Re-Opening After COVID: An Overlooked Perspective on Small Businesses

It's ironic that a leading narrative during the COVID-19 pandemic has been the struggle of small business, yet one that is completely overlooked when it comes to stocks. Small businesses have been struggling to survive or outright shutting down during the pandemic.

Let's assess this with a bit of logic. If small businesses are shutting down, where is all that money going? It's going to large businesses like Amazon, Costco, Walmart, Apple, Microsoft, Home Depot, etc. all of which saw substantial growth during the pandemic. What happens when restrictions subside and life returns to normal? People go to restaurants, bars, tours, ski hills, road trips, souvenir shops, and spend money in foreign countries when they travel. These businesses often don't have tickers, and therefore money spent does not contribute to the growth of public companies.

Absurdly high PE ratios of said companies means the market expects this insane growth over the last few years to continue and that's just not realistic even in a pandemic setting as it becomes more difficult to outpace their lofty benchmarks.

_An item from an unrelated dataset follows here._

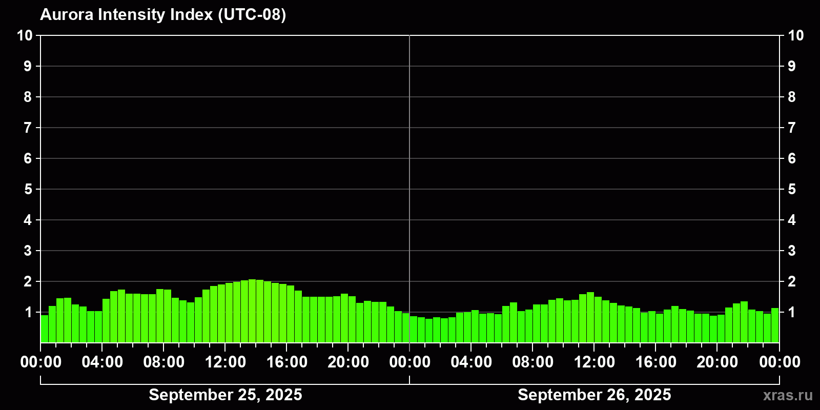 Changes in the auroral intensity index from 2025-09-25 to 2025-09-26 local time

This reallocation of spending is something that's not being addressed. Sure, small business might not make a full comeback, but in order for these large companies to grow into their valuations they can't have anything get in the way of their momentum, there is no room for error.

For these reasons I counterintuitively consider the re-opening of the economy bearish.

Recent Positions: from 100% stocks to 90% cash since December 31, 2021 the rest:

  • Short-dated puts: RIVN, LCID, EA (after ATVI hype), SPY, ZS – sold most of these already
  • Long-dated puts: AAPL, COST, SPY
  • Short gambling calls/swing plays mostly for earnings: INTC, AMD, SNAP (after FB fear), NVDA, FB (OUCH!)